[Required work]:
Copy the lines below exactly, starting at the one with "光緒14年臺灣布政使司發給鳳山縣陳質丈單" and ending at the one with "Vibrant pink chrysanthemums", and leave out any picture.
Top of Raw data
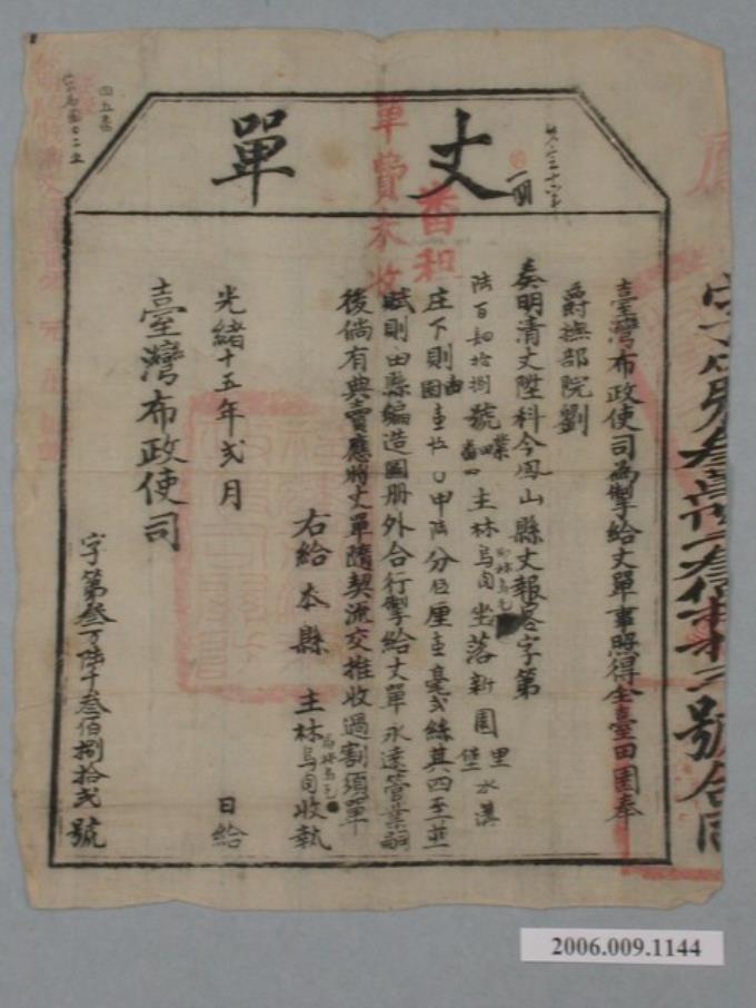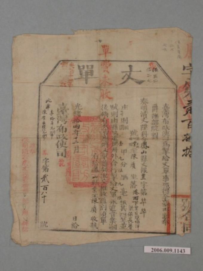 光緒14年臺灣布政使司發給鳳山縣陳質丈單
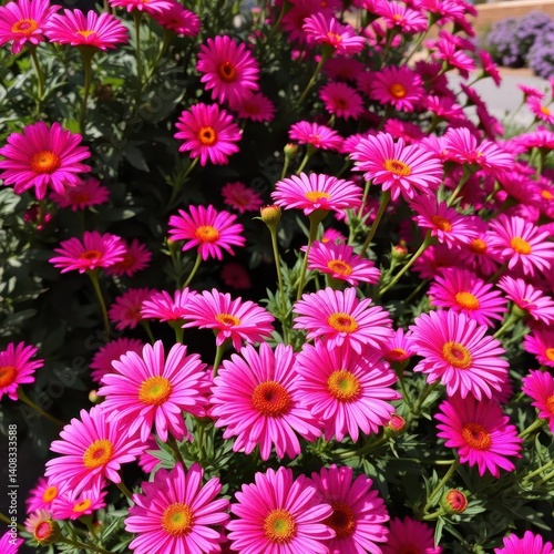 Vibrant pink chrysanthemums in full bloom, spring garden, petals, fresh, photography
Bottom of Raw data
Top of Raw data
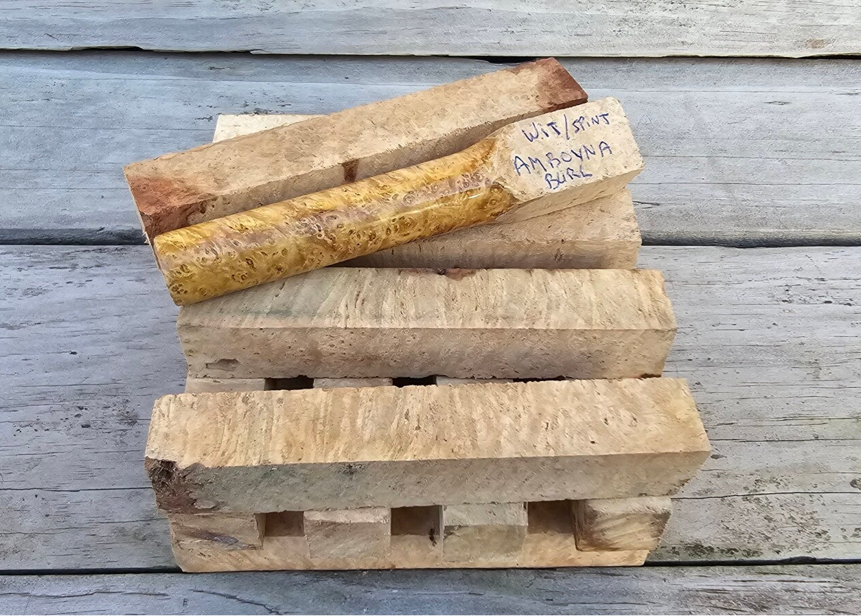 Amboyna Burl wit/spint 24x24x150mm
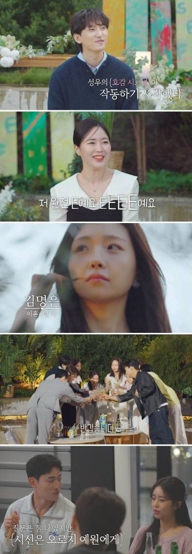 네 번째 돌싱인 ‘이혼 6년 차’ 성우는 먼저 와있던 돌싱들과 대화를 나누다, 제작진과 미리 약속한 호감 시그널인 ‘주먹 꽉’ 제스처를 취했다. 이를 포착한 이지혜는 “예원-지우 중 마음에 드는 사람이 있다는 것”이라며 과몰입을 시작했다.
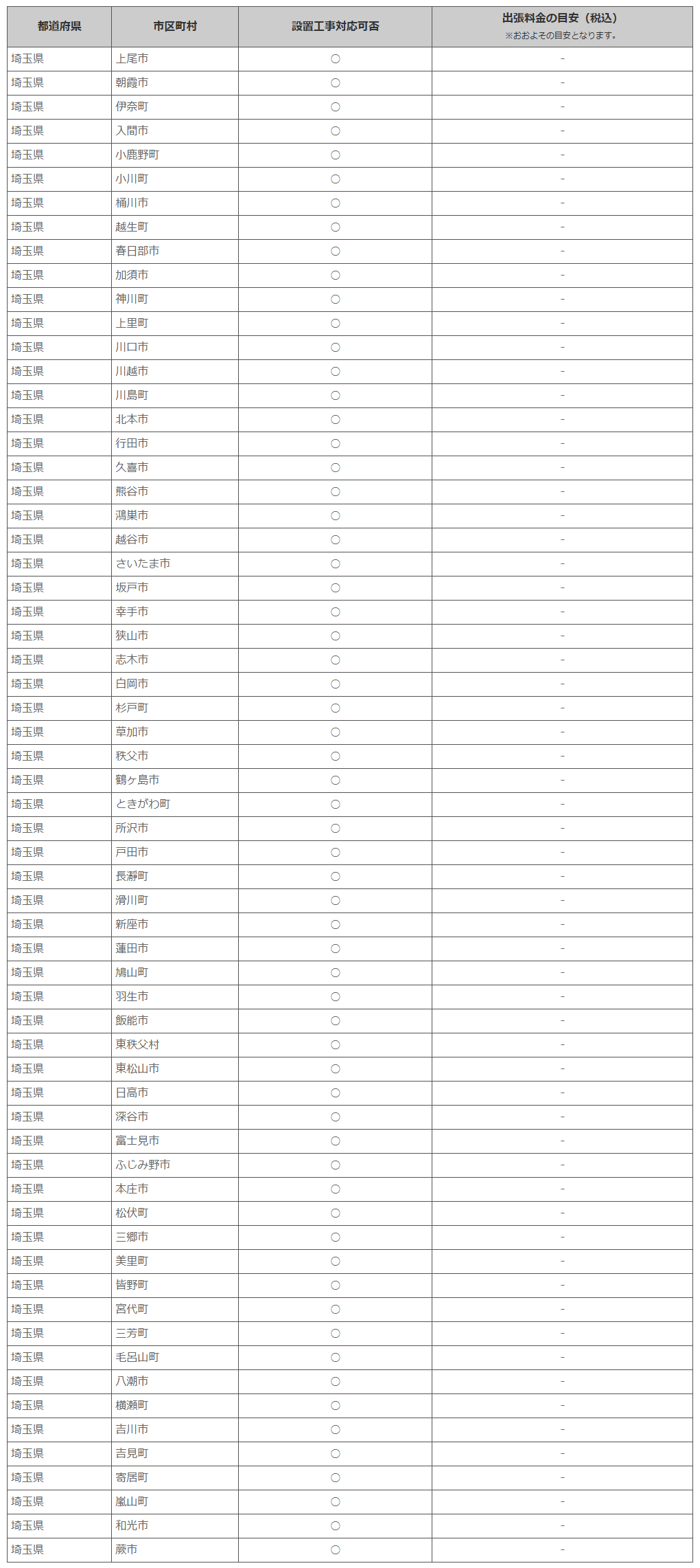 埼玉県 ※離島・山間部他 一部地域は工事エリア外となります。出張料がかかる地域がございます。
Bottom of Raw data
[Task answer]:
 光緒14年臺灣布政使司發給鳳山縣陳質丈單
 Vibrant pink chrysanthemums in full bloom, spring garden, petals, fresh, photography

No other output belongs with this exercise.